**Your instructions**
Exactly as they stand, copy the lines from the one containing "Так вот, в конце" to the final line of the data; leave out the pictures.

**Raw data**
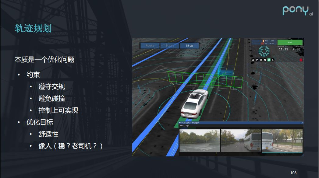 轨迹规划本质上来说是一个优化问题。谈到优化问题,我们需要知道优化的约束和优化的目标。首先看约束,第一个约束就是车辆要遵守交规,这是强制性的约束;第二个约束是要避免碰撞;第三个约束是要使规划的轨迹在控制上可实现,不能出现规划了一个急弯的轨迹,车根本拐不过来的状况。而优化的目标总的来说就是要跟人开的像,具体表现就是让人乘坐起来感到舒适。但像人也有不同的优化目标,比如我们可以开的稳一点也可以开的急一点,像老司机一点。
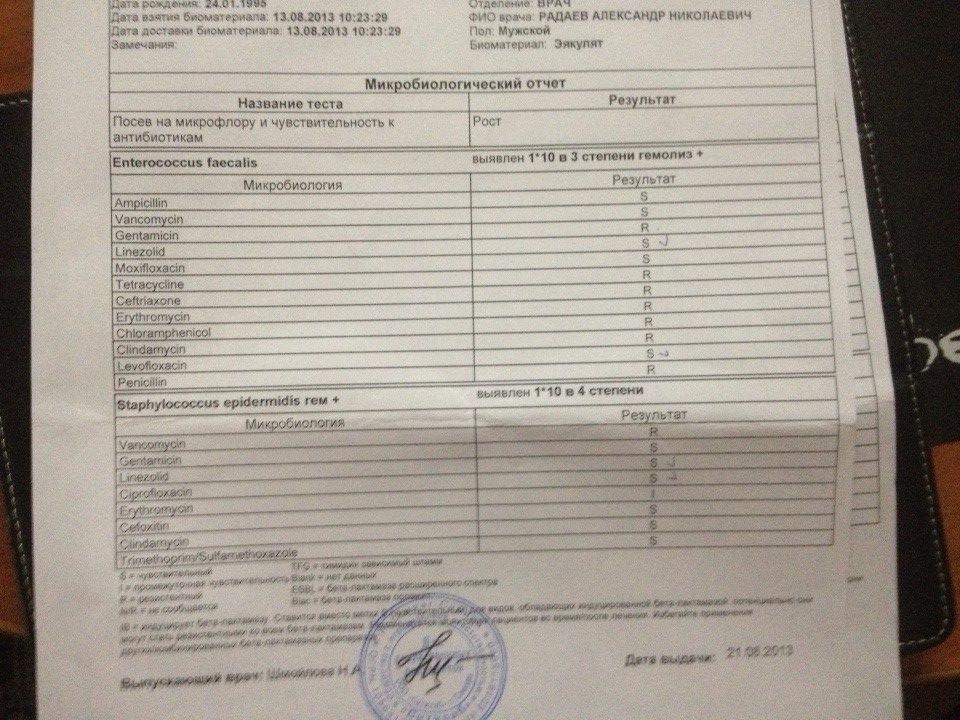 Так вот, в конце августа врач направил меня на сдачу анализов мочи и эякулята, после результатов он что-то выявил и выписал мне на 10 дней пропить Цифран и после него 15 дней Флорацид. Это я уже пропил. Прикрепил результаты анализов. Может что-нибудь подскажете в этом случае. Заранее спасибо!
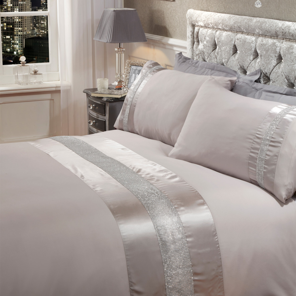 OHS Diamante Sparkle Duvet Set - Light Grey

**Answer for the task**
 Так вот, в конце августа врач направил меня на сдачу анализов мочи и эякулята, после результатов он что-то выявил и выписал мне на 10 дней пропить Цифран и после него 15 дней Флорацид. Это я уже пропил. Прикрепил результаты анализов. Может что-нибудь подскажете в этом случае. Заранее спасибо!
 OHS Diamante Sparkle Duvet Set - Light Grey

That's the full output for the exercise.